### DATA SHOWN:
BEGIN

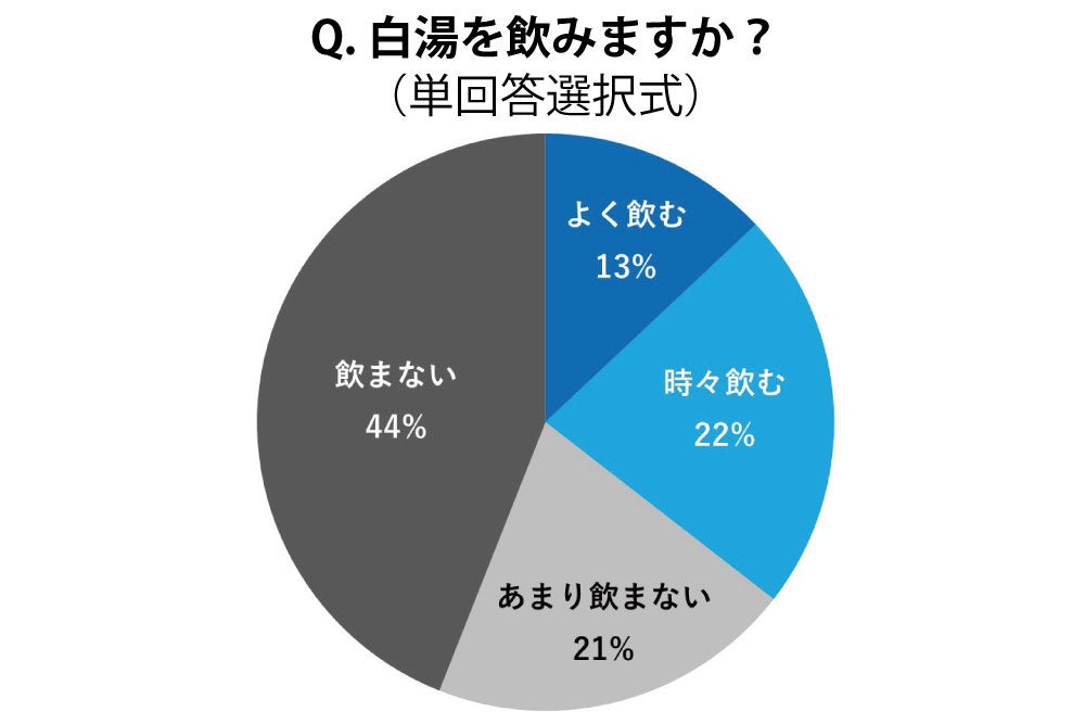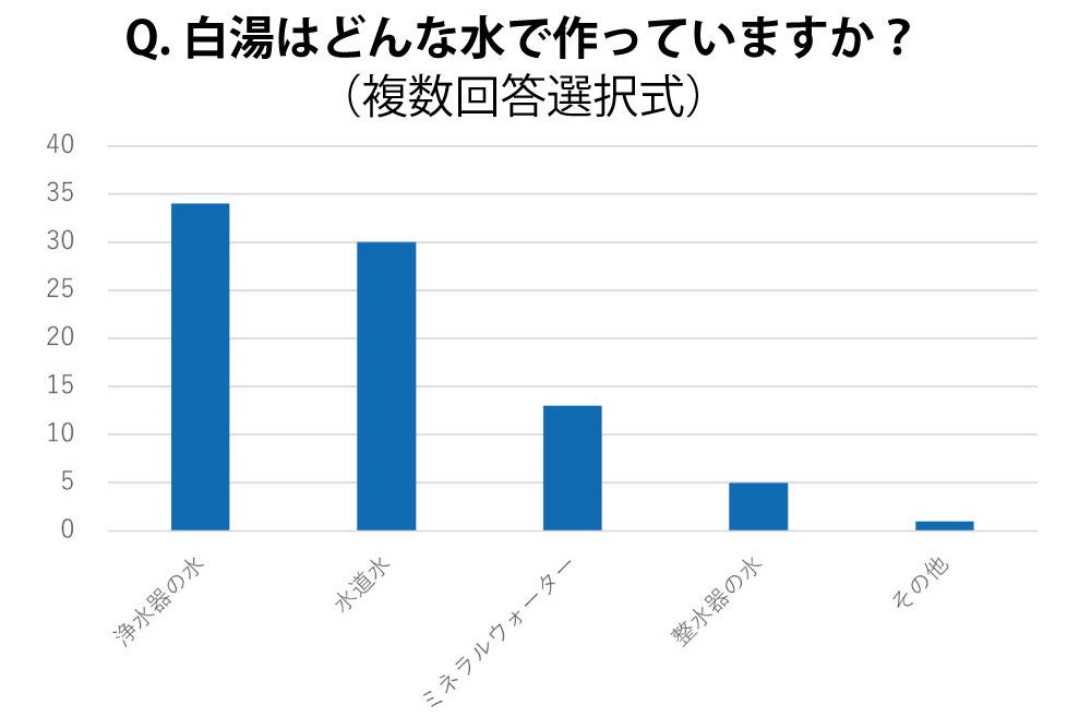 調査では、白湯を飲んでいる人は約4割と日常的に飲むという人はそれほど多くはありませんでした。また、白湯を飲んでいると回答した方に、どんな水で作っているか尋ねたところ、1位が浄水器の水で2位が水道水でした。きちんと煮沸さえすれば、水道水でも問題はありませんが、ポイントは水道水に含まれる塩素やトリハロメタンを揮発させるため、沸騰してもすぐ火を止めず、蓋を開けた状態で10~15分間しっかりと沸かし続けることです。白湯を飲むタイミングは朝・昼・夕の三回に加えて、入浴の前・後にも飲むとよいでしょう。
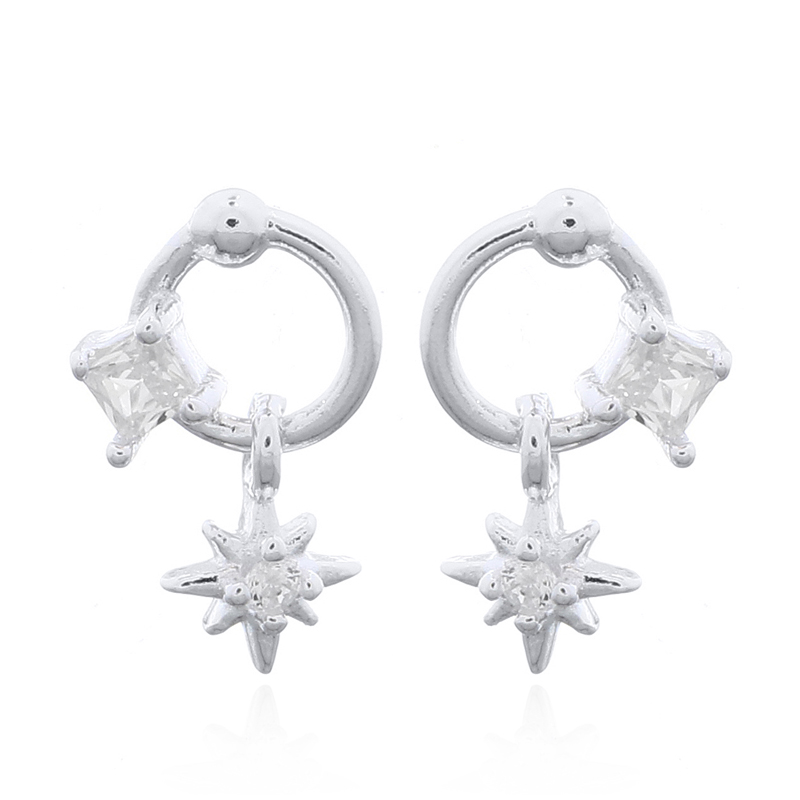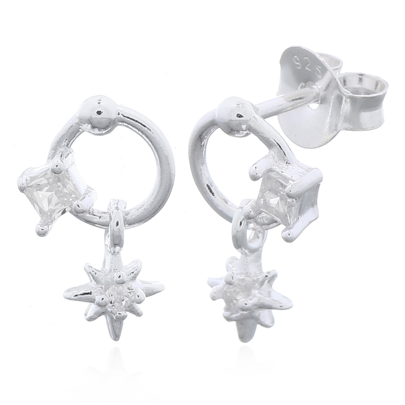 Radiant 925 sterling silver stud earrings feature a small ring with a cubic zirconia pavé and a dangling diamante star charm for celestial sparkle. Lightweight, hypoallergenic, and ideal for layering. Retailers: Capture starry-eyed customers with this versatile, on-trend piece that elevates everyday glamour.
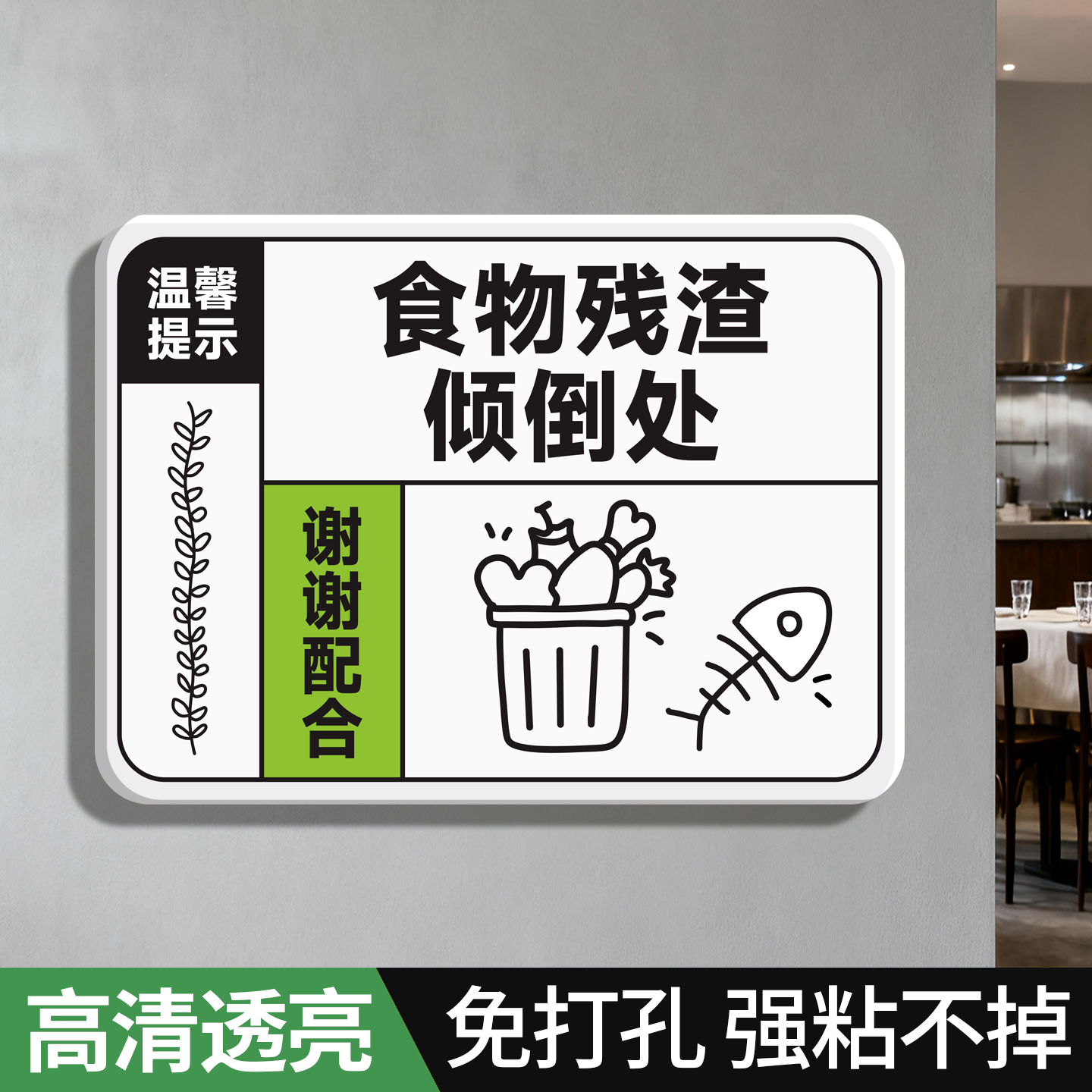 亚克力提示牌食堂自助餐具筷勺碗类回收处食物残渣倾倒处谢谢配合
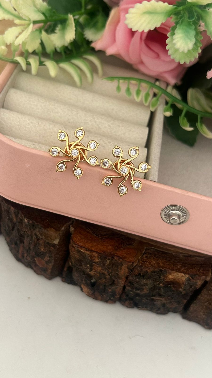 Swirl Flower Design Panchaloham Gold Polished Stud Earrings big size
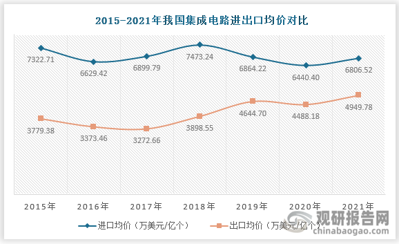 总的来说,近十几年来,我国集成电路行业取得较快发展,但是集成电路生产工艺流程复杂,需求设备及材料众多,且对技术要求极高。受限于技术壁垒、高端设备材料等,目前国内集成电路与发达国家和地区的集成电路相比,仍然存在着缺陷和不足,例如国内光刻机等高端设备和高端材料仅达14nm,与国际先进(3nm已可量产)仍有较大差距,因此我国集成电路行业高端市场产品仍然高度依赖进口。从2015年到2021年国内集成电路进口均价都维持在6600万美元/亿个;而其出口均价则最高也只是达到4949.78万美元/亿个,可见行业产品进口均价一直高于出口均价。但是值得注意的是,近三年来随着行业国产化进程的加速,技术水平的提升,国内集成电路进出口均价差额较过去有明显缩小态势,2021年其进出口均价差额约为1856.74万美元/亿个。
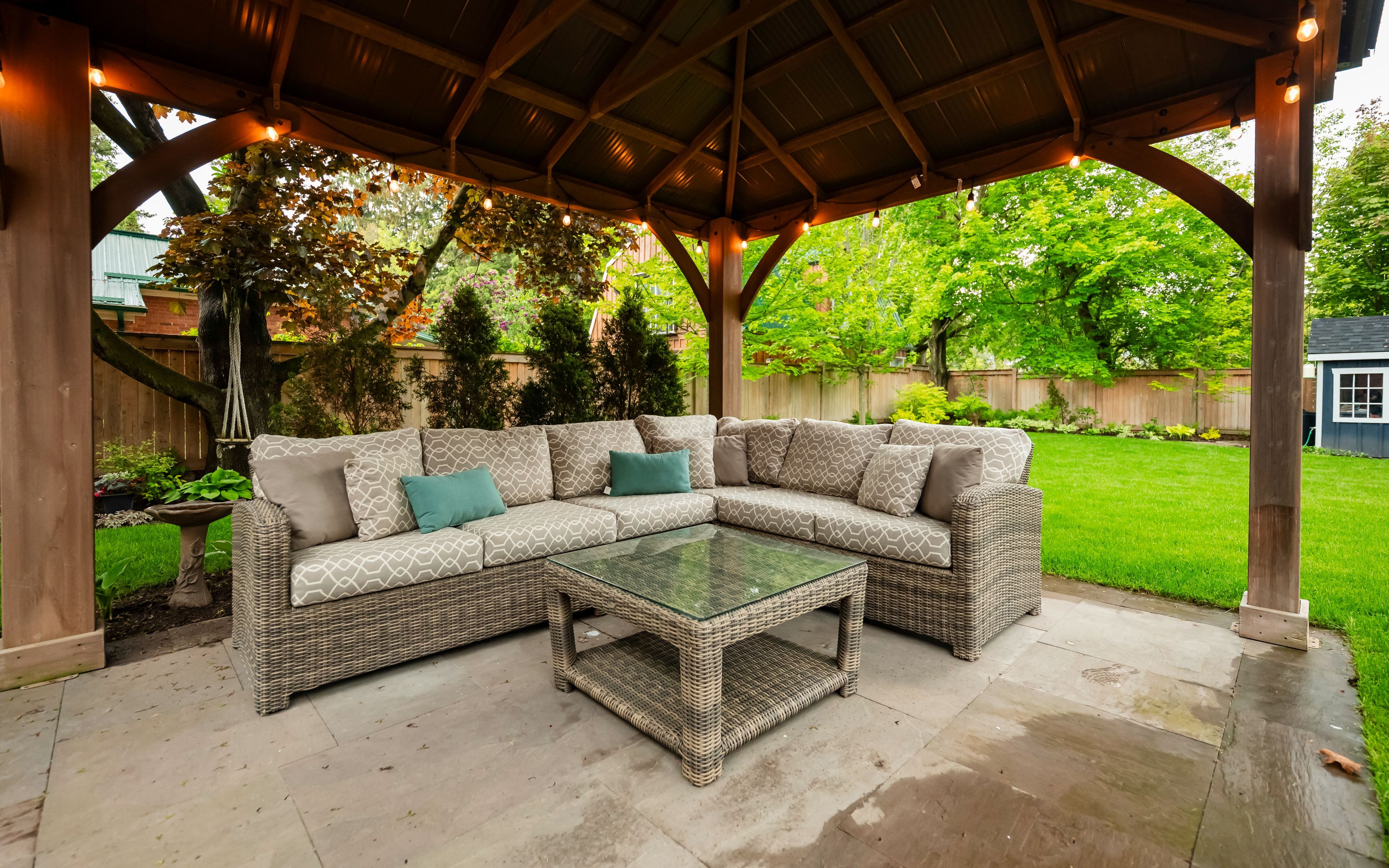 • Stunning backyard with stone patio, lush gardens, and a gazebo.

END

### WORK ORDER:
Could you retype each line of the material above exactly, skipping the pictures?

### EXERCISE ANSWER:
 調査では、白湯を飲んでいる人は約4割と日常的に飲むという人はそれほど多くはありませんでした。また、白湯を飲んでいると回答した方に、どんな水で作っているか尋ねたところ、1位が浄水器の水で2位が水道水でした。きちんと煮沸さえすれば、水道水でも問題はありませんが、ポイントは水道水に含まれる塩素やトリハロメタンを揮発させるため、沸騰してもすぐ火を止めず、蓋を開けた状態で10~15分間しっかりと沸かし続けることです。白湯を飲むタイミングは朝・昼・夕の三回に加えて、入浴の前・後にも飲むとよいでしょう。
 Radiant 925 sterling silver stud earrings feature a small ring with a cubic zirconia pavé and a dangling diamante star charm for celestial sparkle. Lightweight, hypoallergenic, and ideal for layering. Retailers: Capture starry-eyed customers with this versatile, on-trend piece that elevates everyday glamour.
 亚克力提示牌食堂自助餐具筷勺碗类回收处食物残渣倾倒处谢谢配合
 Swirl Flower Design Panchaloham Gold Polished Stud Earrings big size
 总的来说,近十几年来,我国集成电路行业取得较快发展,但是集成电路生产工艺流程复杂,需求设备及材料众多,且对技术要求极高。受限于技术壁垒、高端设备材料等,目前国内集成电路与发达国家和地区的集成电路相比,仍然存在着缺陷和不足,例如国内光刻机等高端设备和高端材料仅达14nm,与国际先进(3nm已可量产)仍有较大差距,因此我国集成电路行业高端市场产品仍然高度依赖进口。从2015年到2021年国内集成电路进口均价都维持在6600万美元/亿个;而其出口均价则最高也只是达到4949.78万美元/亿个,可见行业产品进口均价一直高于出口均价。但是值得注意的是,近三年来随着行业国产化进程的加速,技术水平的提升,国内集成电路进出口均价差额较过去有明显缩小态势,2021年其进出口均价差额约为1856.74万美元/亿个。
 • Stunning backyard with stone patio, lush gardens, and a gazebo.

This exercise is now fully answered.